The credit should go to Sheffield Wednesday, in the championship relegation zone, but on a recent run of form since the firing of Tony Pulis, suggesting they are capable of getting out of trouble. The way they were applied here against a far superior team suggests that their season doesn’t go beyond swapping with their interim manager, Neil Thompson.
But this was always a case of when, rather than if, Everton put this tie to bed. In the end, it was two goals in three minutes on either side of the hour mark that answered that question. Sheffield Wednesday goalkeeper Joe Wildsmith had done a good job keeping them in the tie up to that point, but couldn’t avoid the goals that ended as a competition.

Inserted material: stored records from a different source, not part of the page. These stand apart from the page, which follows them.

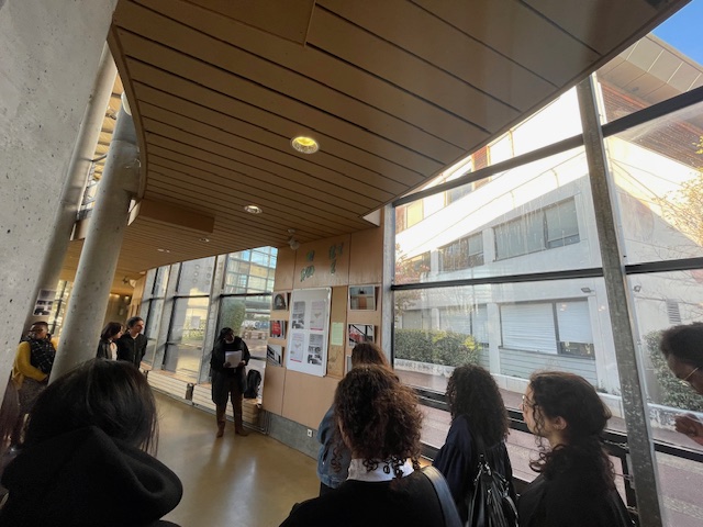 Mme El Hammiri a présenté la collection de l'artiste Mohamed Bourouissa, montrant à travers ses photographies le vivre-ensemble, les valeurs des rencontres et la place de l'individu dans une société parfois bouleversée. Dans cette continuité, Mme Hady Bousso a présenté la collection de l'artiste lyonnaise Fabienne Ballandras, des petites photographies pour de grands messages, parfois coups de poing, sur les inégalités sociales, le mal logement, et la recherche d'un monde meilleur. Le travail autour des slogans et des images parfois chocs appellent la réflexion et la sensibilisation. Les élèves Nunzia et Tao ont accompagné Mme Bousso, en lisant leur texte écrit dans le cadre du projet du vivre-ensemble.
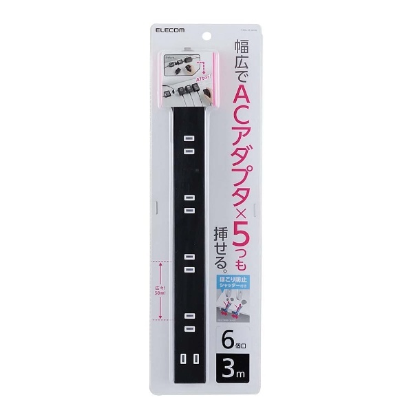 ほこり防止シャッター付きスリム電源タップ(幅広・2ピン式・6個口・ブラック・3.0m) T-NSL-2630BK
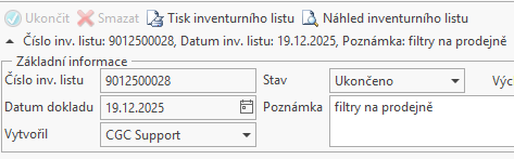 Po ukončení je možné vytisknout a zobrazit inventurní list.
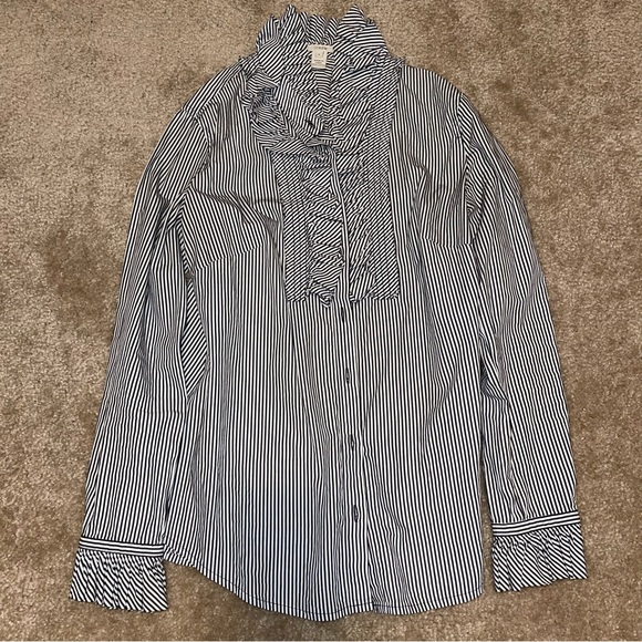 button up shirt from Jcrew with ruffle details at the neck and on the sleeves. Perfect for work!
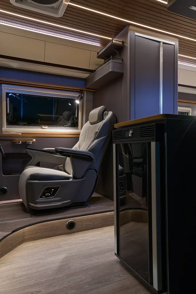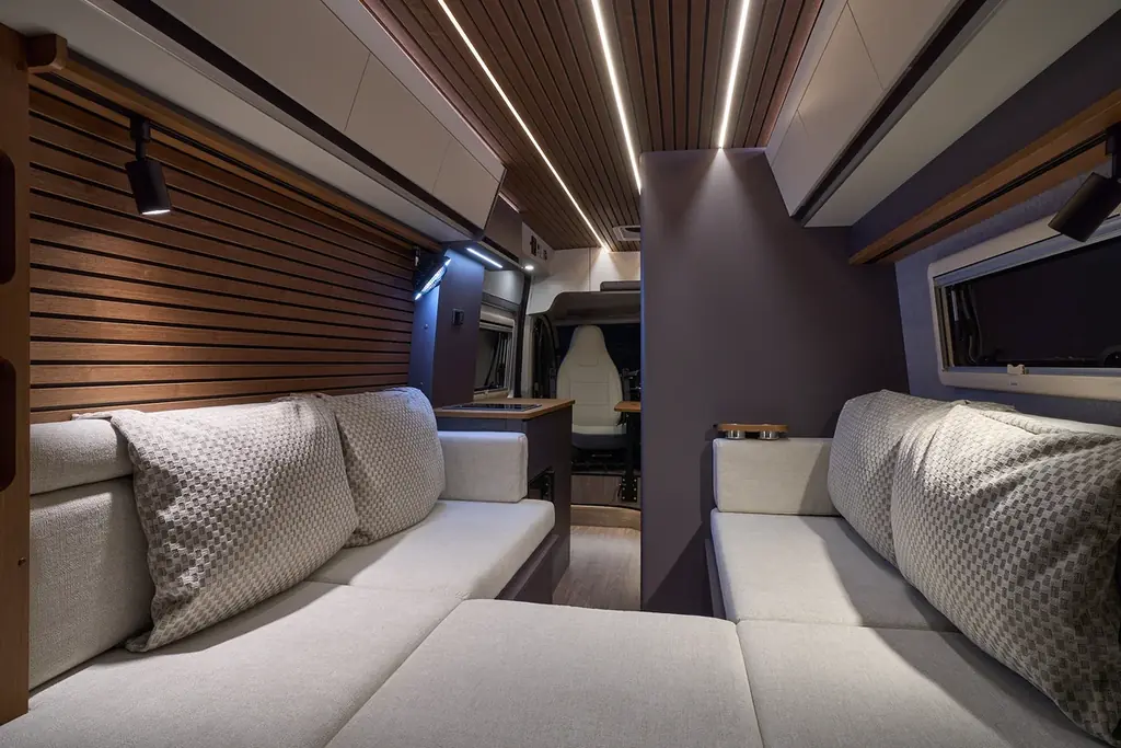 - セカンドシート背後のマルチルーム:トイレ、収納、着替えスペースなどを備える多目的空間として設置。車内の動線やプライバシー性にも配慮した設計です。

Rodriguez, whose passing seemed his best measure all night, provided the deliveries: first for Richarlison to head home, before Yerry Mina did the same two minutes later, seconds after an impressive Wildsmith stop denied him to Richarlison his second. Sheffield Wednesday really gave it a go, but they could do little with their opponents’ attacking style and prowess.
“We know they have a lot of quality all over the field,” Thompson admitted. “You have to be on top throughout the field, but we just needed to penetrate them a little more and have a little more quality in the last third. We came off the blocks too slowly after half time. ”His team was certainly punished for that lethargy ruthlessly with the second and third goals.
However, Everton could, and perhaps should, have been further ahead than the advantage of a goal they had scored at halftime. When Calvert-Lewin drove André Gomes’ spot ball home in the face of Wildsmith’s goal for his 15th of the season, and the first since early December, the hosts had long taken the lead. “We are delighted for him,” Ferguson said of Calvert-Lewin, who led the Everton line impressively.
Richarlison had already seen a goal disallowed for offside, while Calvert-Lewin came close to turning a Gylfi Sigurdsson cross home. At the other extreme, Robin Olsen parried an attack from Adam Reach in the early moments, but that was possibly the most serious threat he faced all night. The visitors, as their coach acknowledged, lacked the attacking power to really upset Everton, but their energy will give them hope.
However, this was a night where Ancelotti’s team returned to a place as the best, with Richarlison and Mina’s headers no less than their deserved dominance. There are quite a few teams in the round of 16 that will be delighted to have a chance to end their long wait to lift the Cup. Why not Everton? Certainly, there was nothing to argue against that perspective here.